• **ASSIGNMENT**
The answer should match the entries that follow exactly, except that no image appears in it.

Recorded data
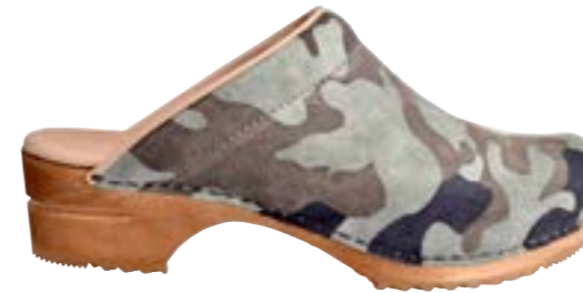
Soldi // 477109 // Printed Suede 43 Olive Camouflage // Size 35-42
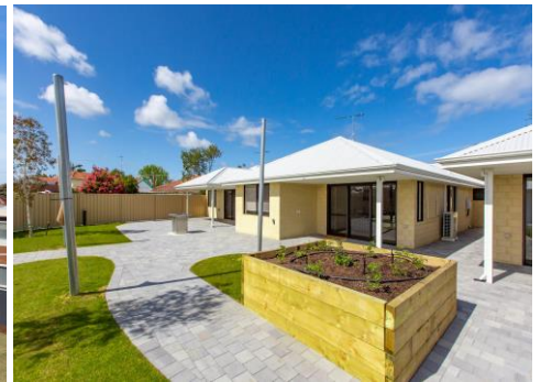
South Bunbury SDA House / Villas, Western Australia
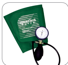
UltraCheck Curve with Gauge
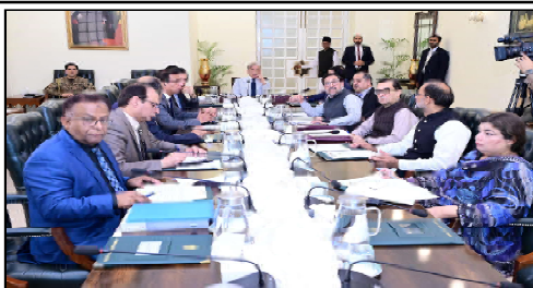
ISLAMABAD: Prime Minister Muhammad Shehbaz Sharif chairs a meeting on encouraging usage of electric vehicles in country.
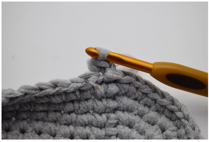
Now you'll sc one round in back loop only. Ch Sc all way round, into the loop marked here by the needle. Finish with a sl st.
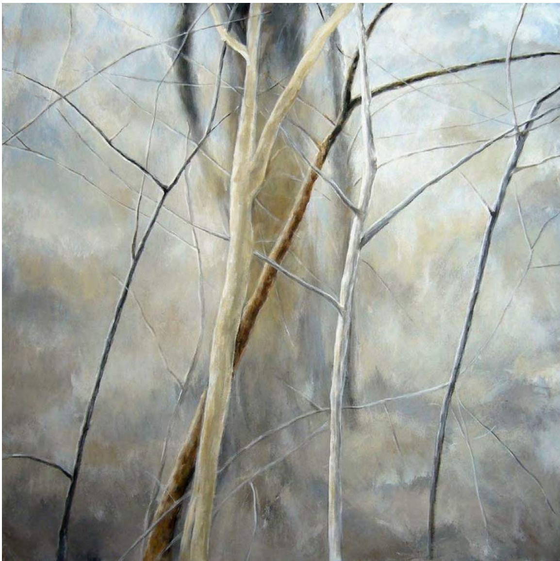
WINTER TREES IN GREENE
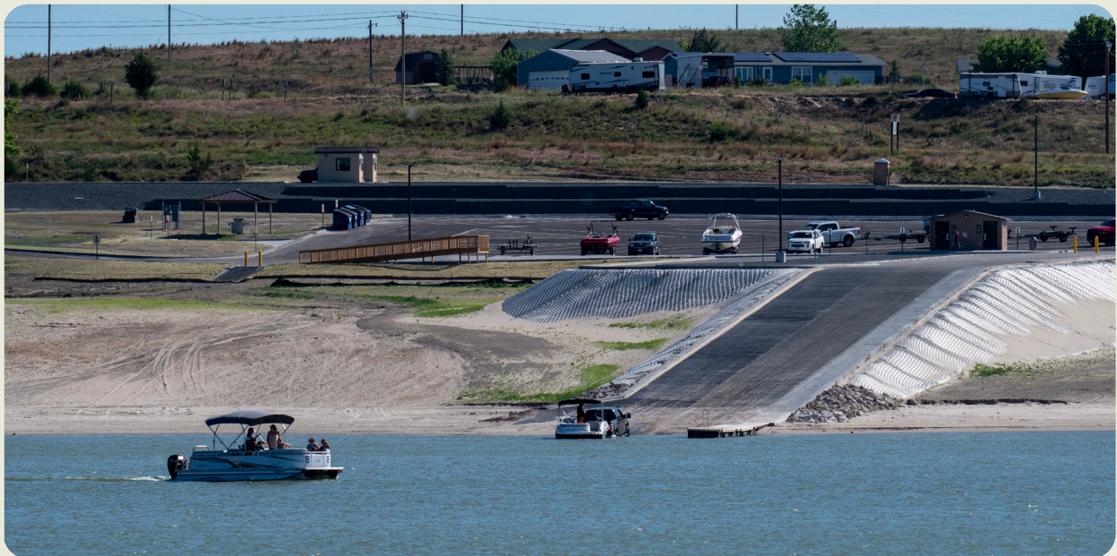
An improved boat ramp, parking lot and Americans with Disabilities Act-compliant ramp in Martin Bay are part of a Motorized Water Trails project at Lake McConaughy State Recreation Area in Keith County. This phase of the project, completed in May 2022, was funded partially by the Capital Maintenance Fund.
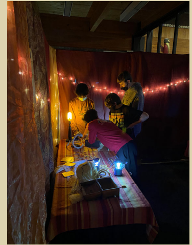
Scouts enjoying the legendary Escape Room.
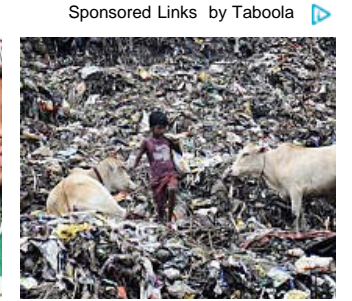
Extreme Poverty Fallen By Half In 15 Years
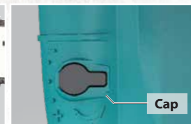
Adjustable automatic chain lubrication Cap
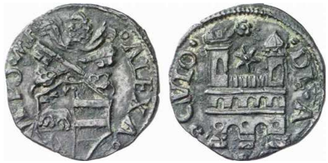
PAPAL COINS Alexander VI., 1492-1503.

Estimation DM 250. Price realized: 725 DEM (approx. 329 U.S. Dollars as of the auction date)
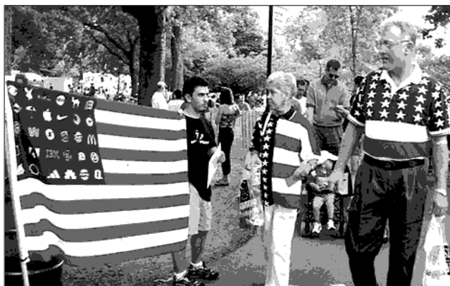
'Corporate American Flag' logo and photo courtesy adbusters.org

A rebellion is building. Thousands of protesters shake up every global trade conference with calls for less corporate clout and more grassroots power. Now activists have set a date to mark that spirit of resistance -- July 4, Independence Day. This year's Flag Jam was a blast of symbolic disobedience to get America (and the rest of the world) thinking about the meaning of its original revolution, and its subservience to corporations today. What counts as 'independence'? And when will we win it back?
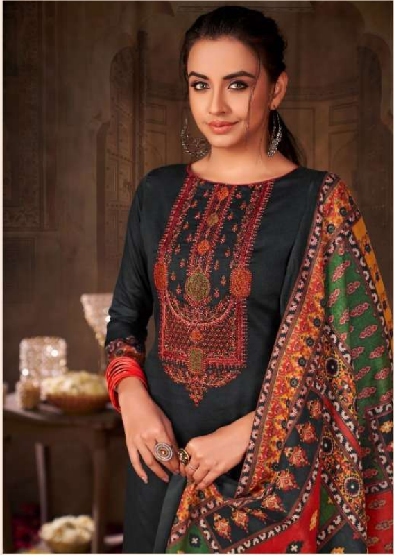
I appreciate simplicity, true beauty that lasts over time, and a little with and eclecticism that make life more fun.
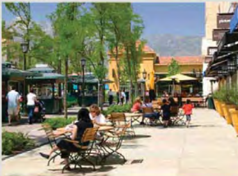
A Heightened Sense of Community
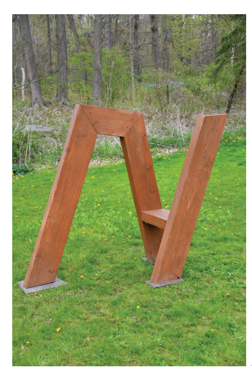
David Link Falcon Wood About 5 ft tall
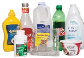
Hard Plastic Bottles, Tubs and Lids
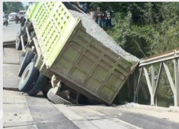
An over loaded truck severely damaged a bridge in Cambodia.
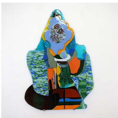
Ana Navas Floral complexion 2024 versmolten glas

• **RESPONSE AREA**
Soldi // 477109 // Printed Suede 43 Olive Camouflage // Size 35-42
South Bunbury SDA House / Villas, Western Australia
UltraCheck Curve with Gauge
ISLAMABAD: Prime Minister Muhammad Shehbaz Sharif chairs a meeting on encouraging usage of electric vehicles in country.
Now you'll sc one round in back loop only. Ch Sc all way round, into the loop marked here by the needle. Finish with a sl st.
WINTER TREES IN GREENE
An improved boat ramp, parking lot and Americans with Disabilities Act-compliant ramp in Martin Bay are part of a Motorized Water Trails project at Lake McConaughy State Recreation Area in Keith County. This phase of the project, completed in May 2022, was funded partially by the Capital Maintenance Fund.
Scouts enjoying the legendary Escape Room.
Extreme Poverty Fallen By Half In 15 Years
Adjustable automatic chain lubrication Cap
PAPAL COINS Alexander VI., 1492-1503.

Estimation DM 250. Price realized: 725 DEM (approx. 329 U.S. Dollars as of the auction date)
'Corporate American Flag' logo and photo courtesy adbusters.org

A rebellion is building. Thousands of protesters shake up every global trade conference with calls for less corporate clout and more grassroots power. Now activists have set a date to mark that spirit of resistance -- July 4, Independence Day. This year's Flag Jam was a blast of symbolic disobedience to get America (and the rest of the world) thinking about the meaning of its original revolution, and its subservience to corporations today. What counts as 'independence'? And when will we win it back?
I appreciate simplicity, true beauty that lasts over time, and a little with and eclecticism that make life more fun.
A Heightened Sense of Community
David Link Falcon Wood About 5 ft tall
Hard Plastic Bottles, Tubs and Lids
An over loaded truck severely damaged a bridge in Cambodia.
Ana Navas Floral complexion 2024 versmolten glas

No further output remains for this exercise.